Uploading data
You can perform a one-time document upload from your local file system at any time to add data to a project.
You can upload up to 200 files at a time.
To process document sets that are larger than 200 files, you can add them to an external data source and use a data source crawler to upload them. For IBM Cloud Pak for Data deployments, you can use a Local File System data source for this purpose.
For more information about the maximum size allowed for each file, see Document limits.
Before you upload a CSV file to a Content Mining project, consider adding headers to the source file so that any fields that are generated from the file have meaningful names. Without headers, fields are given generic names, such as column_0
,
column_1
, and so on.
To upload data, complete the following steps:
-
Open your project, go to the Manage collections page, and then click New collection.
-
Do the following based on your deployement type:
IBM Cloud Pak for Data
-
Choose Upload data as your data source and then click Next.
You can also connect to a different data source instead of uploading data such as reusing data from a collection or crawling an external data source.
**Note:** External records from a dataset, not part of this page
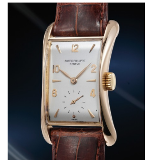
150 Patek Philippe An exquisite, charming and high... Estimate 20,000 — 40,000 CHF
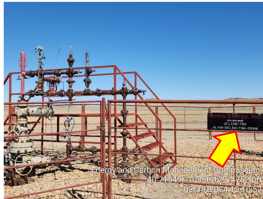
Photo 2 – LC26-780 Wellhead – Sec. # not adequate Well is in Sec. 26 not Sec. 34
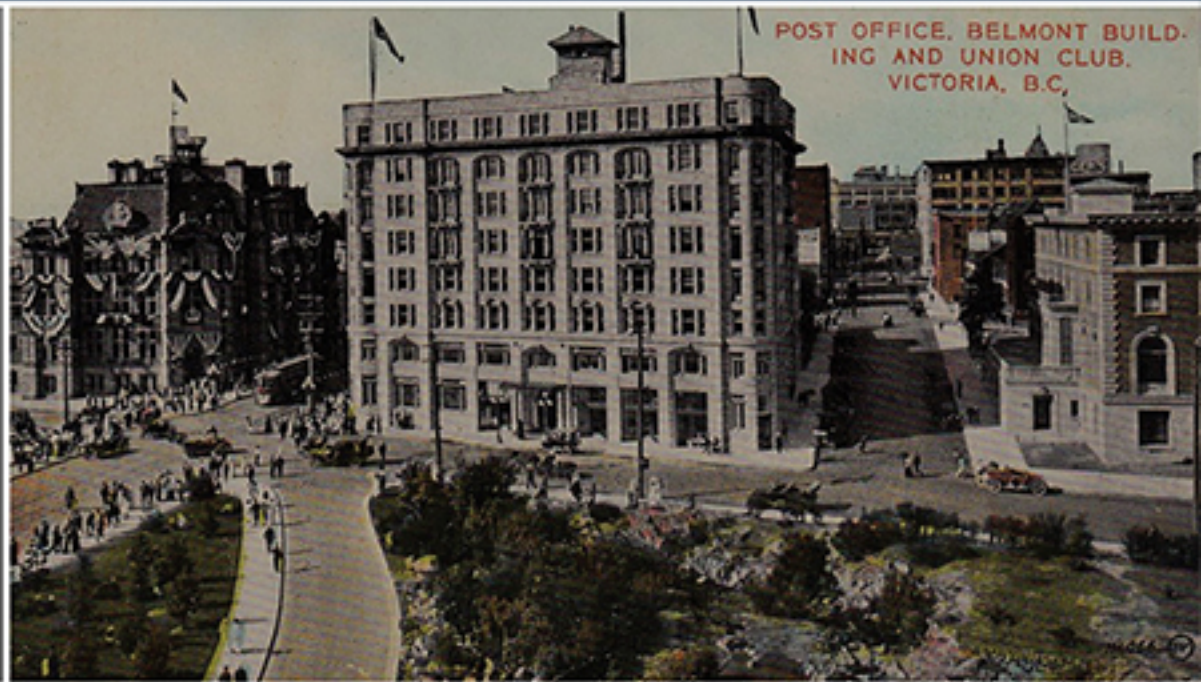
POST OFFICE, BELMONT BUILDING AND UNION CLUB, VICTORIA, B.C.

The early 20th century saw Victoria emerge as an important location in the young country of Canada. The construction of Customs House in 1914 is a prime example of the federal recognition this west coast waterfront city was attracting.
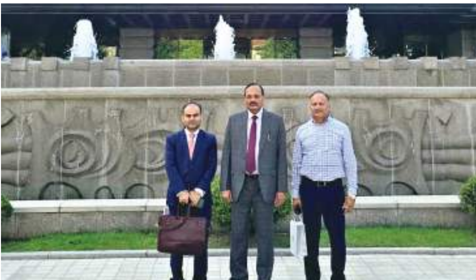
27 August 2024, Justice Surya Kant, at Korea Legislation Research Institute (KLRI), where he spoke on the topic, ‘Cross Border Challenges in Insolvency and Bankruptcy Law’ in “KLRI Programme” Sejong, South Korea
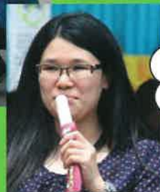
Hmm.. Sedapnya ais krim
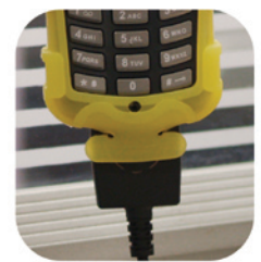
Integrated data cable port flip-lid
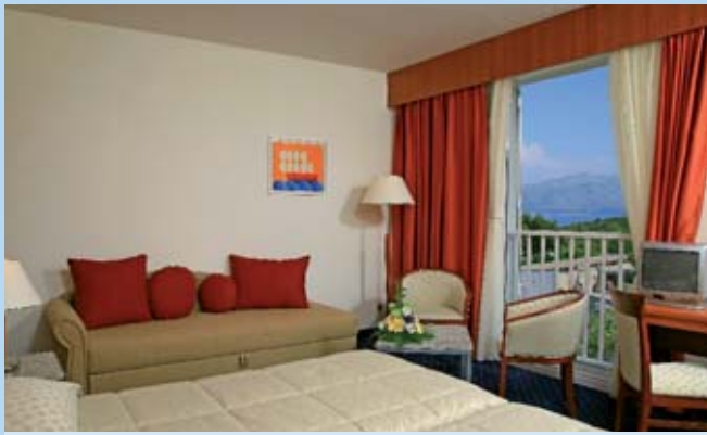
Marko Polo Hotel

Located in a quiet, elevated sea-front position just 10 minutes from the old town of Korčula and bears the name of world-famous explorer Marko Polo. This hotel has been stylishly renovated in 2007. Air-conditioned buffet and à la carte restaurant, coffee bar, outdoor and indoor swimming pool, fitness centre, beauty treatments and conference facilities.
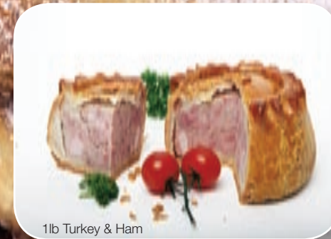
1lb Turkey & Ham
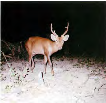
Figure 4. Adult male Hog Deer. Camera trap photo taken between 9 February and 16 March, 2006.
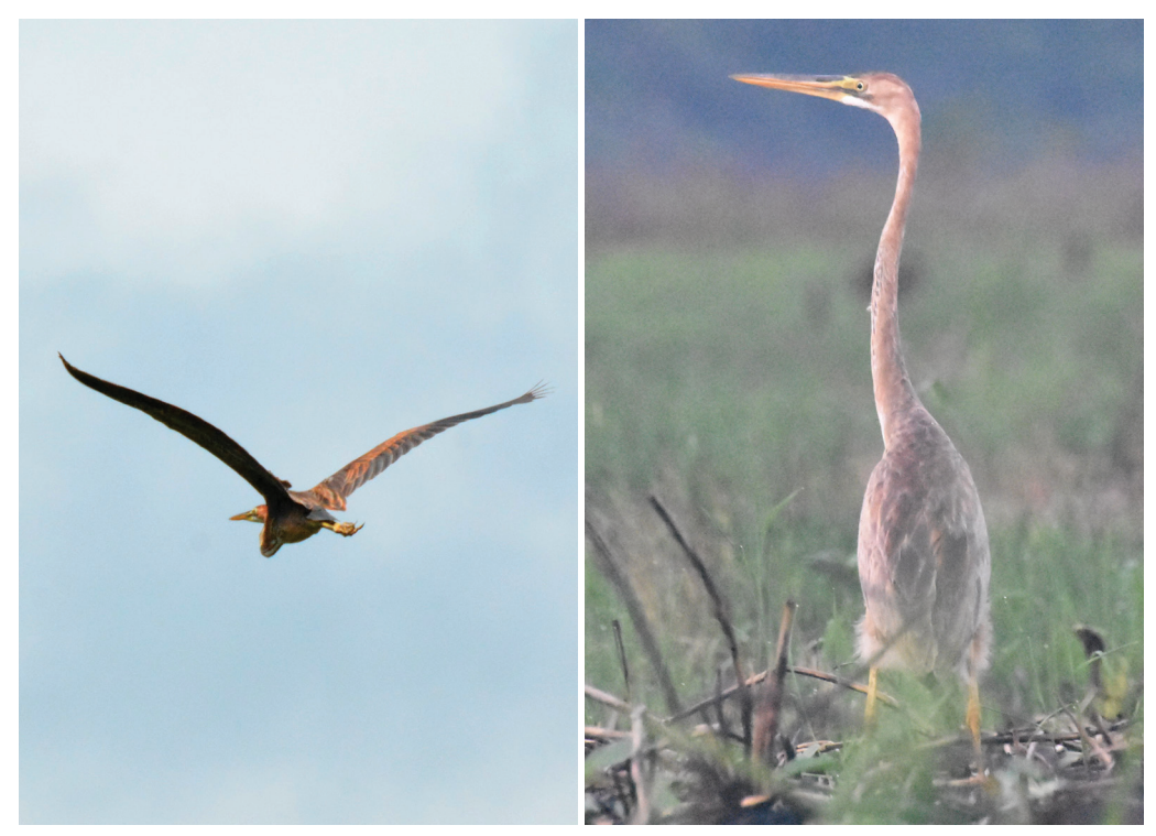
Figure 10 (left). Subadult Purple Heron Ardea purpurea , Regina, Kaw-Roura National Nature Reserve, French Guiana, 29 May 2018; note the pale upperwing-coverts indicating a subadult (Benjamin Ferlay)

On 26 April 2019, a second-year was photographed (Fig. 12) in rice fields at Mana on the west coast of French Guiana (05°38′27″N, 53°40′59″W) by GC. The bird was foraging along a canal, probably on crabs, when it was flushed by GC. During the following days, several observers failed to find the bird in this vast and largely inaccessible area, but given the suitability of the habitat it is possible that the bird was still present. On 8 January 2023, an adult in basic plumage (Fig. 13) was photographed by C. Marty & A. Vinot in a regularly surveyed flooded pasture along the Guatemala Road near Kourou (05°06′14″N, 52°35′02″W). The bird was seen several times at the same location feeding on frogs, and was last reported on 12 January (M. Baumann, HF, T. Ferrieux & OT). Less than three months later, on 2 March 2023, an adult in nearly alternate plumage was photographed by I. Morisset at Panato wetland, Awala-Yalimapo (05°44′30″N, 53°55′54″W); it was photographed (Fig. 14) again next day by M. Baumann & GC. This site is c .160 km west of
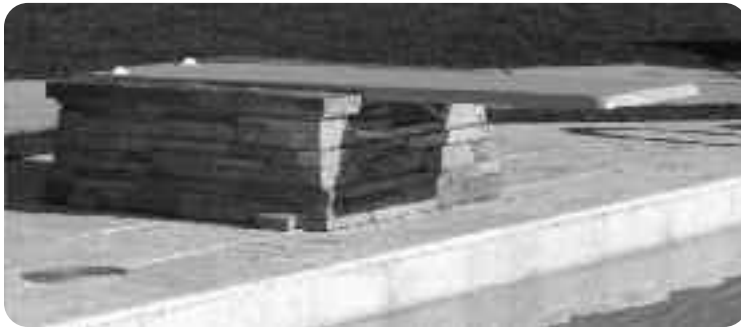
Part # 7700
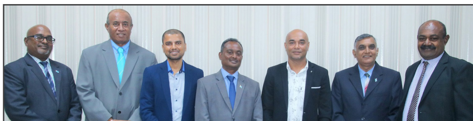
Standing Committee on Economic Affairs with the Fiji Meat Industry Board after submission on their 2015–2017 Annual Report on June 7, 2022.
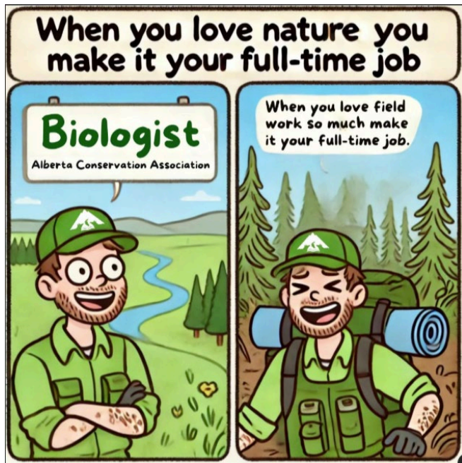
Photo 2. Intermediate Biologist – Peace River, Facebook post.

For more information, see Reusing data from a collection and Overview of Cloud Pak for Data data sources.
-
Name the collection. If the language of the documents in storage is not English, select the appropriate language. For a list of supported languages, see Language support.
-
Optionally, click More processing settings to expand the menu. You can select the following settings:
-
Set Apply optical character recognition (OCR) switcher to On to enable OCR.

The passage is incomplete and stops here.